Note that we do not take null values into consideration for now.

Range of values for the nominal features:

1) RaceName: This can be encoded into a one-hot vector of length 16. For example, 'African American' will be encoded into [1]+[0]*15 (python grammar), with the value at index 0 set to 1, the rest of 15 elements of the vector are 0. 'Asian' takes value of 1 at index 2, 'Unknown' takes value of 1 at index 15, etc.

2) Age_Group: This can be represented by scales, where Adult=2, Geriatric=3, Pediatric=1.

3) STUDY_NAME: Only one name, can be removed from the dataset.

4) BSC_Respondent, ADHD_Type, locationname, LDS_Respondent, GSC_Respondent can be encoded in the same way as RaceName, except that their vector lengths will be 4, 7, 11, 4, 4 respectively.

5) group_name: We are not sure if this is just random group names or control group versus experimental group, this has to be decided after we get to look at data documentation. For the former case, it can be ignored.
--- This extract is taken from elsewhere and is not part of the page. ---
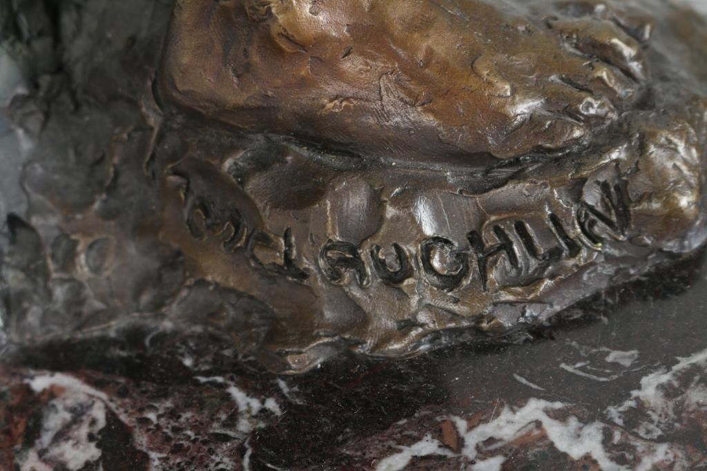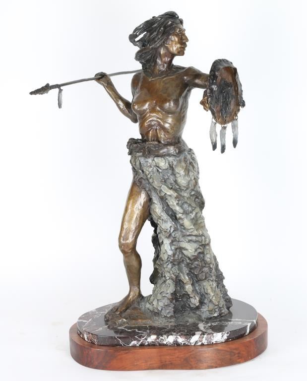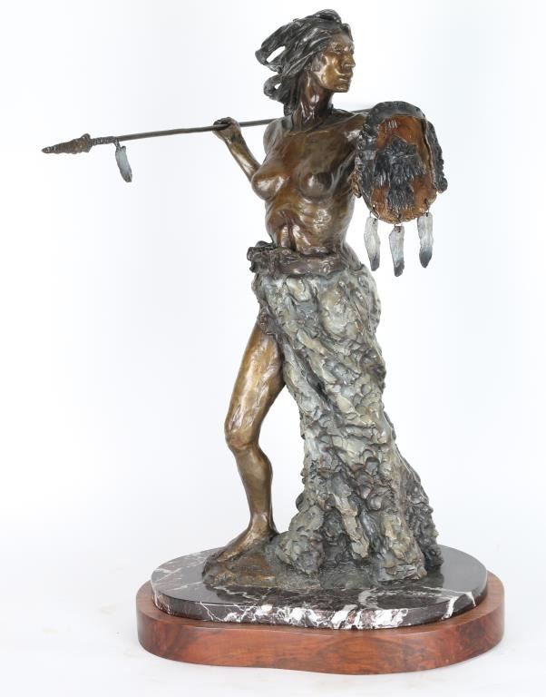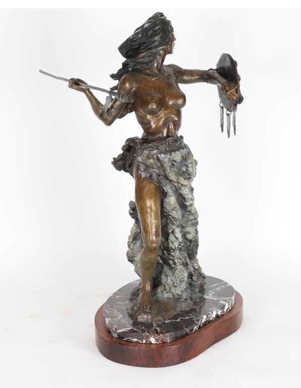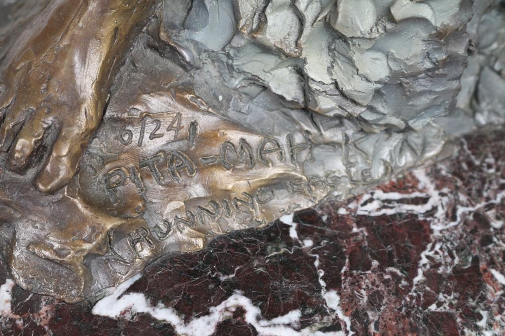 By Nancy McLaughlin numbered 6/24 , entitled "Running Eagle. Signed in bronze and mounted on marble and wood. Measures 28"x13". Nancy Powell McLaughlin (1932 - 1985) was active/lived in Montana. Nancy McLaughlin is known for Indian figure and animal painting, sculpture.

For the latter case, we will represent it using a binary indicator (0-1).

6) Gender: Female=0, Male=1, Unknown=0.5 (maybe).

  • Are the features correlated?

For feature correlation, since we do not have complete information about all column headers at this point, only correlation within baseline values and concentration values are analyzed.


In [131]:
# Get baseline and concenctration data
df_base = pd.DataFrame.from_csv('baseline.csv')
df_concen = pd.DataFrame.from_csv('concentration.csv')

# Use numpy matrix format (numerical)
df_base_vals = df_base.values
df_concen_vals = df_concen.values

In [169]:
def check_perfect_corr(coeff):
    # Fill diagonal with 0 (not comparing to oneself)
    np.fill_diagonal(coeff, 0)
    # Perfect correlation: 1 or -1
    return coeff.max()==1 or coeff.min()==-1

# Compute Pearson product-moment correlation coefficients
# Check for perfect correlation row-wise and column-wise
def pearson_corr_test(x):
    # rowvar = 1: row-wise
    # rowvar = 0: column-wise
    row_coeff = np.corrcoef(x, y=None, rowvar=1)
    col_coeff = np.corrcoef(x, y=None, rowvar=0)
    
    # Check for perfect correlation row-wise
    row_corr = check_perfect_corr(row_coeff)
    # Check for perfect correlation column-wise
    col_corr = check_perfect_corr(col_coeff)
    
    return row_corr and col_corr 
    
print 'Perfect correlation exists in baselines?', pearson_corr_test(df_base_vals)
print 'Perfect correlation exists in concentrations?', pearson_corr_test(df_concen_vals)


Perfect correlation exists in baselines? False
Perfect correlation exists in concentrations? False

Therefore, within baseline data and concentration data, perfect correlation does not exist.

  • Are we able to identify outliers at this point?

Currently we are unable to identify outliers for the following reasons:

  1. We do not have the documentation to understand all the column headers (feature names).
  2. We do not have enough information about the null values, especially when more than half of our samples and most of the columns contain null values.